Strike this strike
The unions representing 5,000 Long Island Rail Road workers belong at the bargaining table on Friday for talks that should speedily end the threat of a July 20 strike. In fact, they should be preparing to declare victory based on the latest proposal presented by Metropolitan Transportation Authority Chairman Tom Prendergast.
Bowing to reality, Prendergast offered the unions terms that are far more generous than those won by the agency’s subway and bus workers, who are represented by a separate labor organization and are barred by law from striking.
With a tweak or two, he met the most important benchmarks recommended by a presidential mediation panel for presently employed LIRR staff while asking for reasonable savings in the cost of future hires. The unions must now recognize that paralyzing regional transportation by striking would be unconscionable.

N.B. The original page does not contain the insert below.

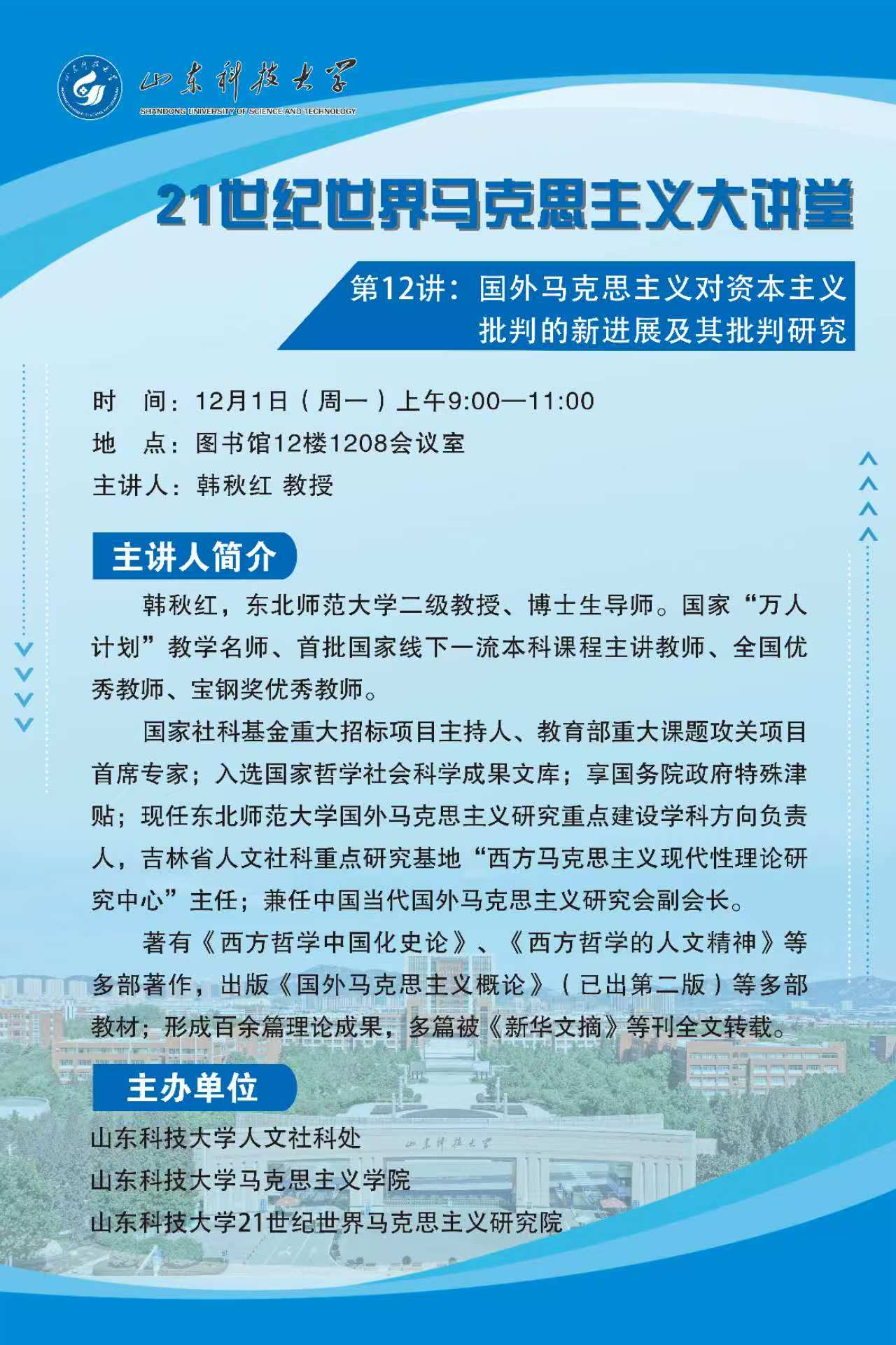 21世纪世界马克思主义大讲堂第12讲:国外马克思主义对资本主义批判的新进展及其批判研究

The subway and bus workers won a five-year deal with raises totaling 8.25%. The presidential panel’s non-binding recommendation for the LIRR — which already pays the nation’s highest railroad salaries — called for 17% hikes over six years, a figure that would boost the MTA’s costs by $40 million annually.

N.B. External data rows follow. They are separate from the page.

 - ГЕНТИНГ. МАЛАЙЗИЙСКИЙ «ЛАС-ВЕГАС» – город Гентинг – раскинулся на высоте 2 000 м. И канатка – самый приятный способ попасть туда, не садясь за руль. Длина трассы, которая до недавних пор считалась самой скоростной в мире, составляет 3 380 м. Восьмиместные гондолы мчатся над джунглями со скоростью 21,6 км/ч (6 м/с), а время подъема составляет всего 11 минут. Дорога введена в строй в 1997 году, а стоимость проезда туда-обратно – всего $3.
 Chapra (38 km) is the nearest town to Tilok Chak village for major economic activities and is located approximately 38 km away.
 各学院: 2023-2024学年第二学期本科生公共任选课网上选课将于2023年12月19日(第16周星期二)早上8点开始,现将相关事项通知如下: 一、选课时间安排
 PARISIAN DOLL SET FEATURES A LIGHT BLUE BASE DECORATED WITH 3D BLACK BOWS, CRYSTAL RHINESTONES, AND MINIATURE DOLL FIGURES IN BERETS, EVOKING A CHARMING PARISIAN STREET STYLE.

Prendergast’s major request on this front would be to stretch the 17% in hikes over seven years, not six. To offset that ding, he proposed upping some shift payments and boosting lump-sum retroactive checks. He would require workers to contribute less to health-care coverage than proposed by the unions — 2% rather than 2.25%.
As for future workers, they would contribute 4% to health coverage, pay into their pensions for as long as they are on the payroll (not just for 10 years) and take a few more years to step up to maximum salaries. There, Prendergast is asking for long-term savings that would leave the staff in great shape while sparing the riders fare hikes.
Rather than whining that Prendergast unveiled the terms publicly, the unions might well have asked, “Where do we sign?”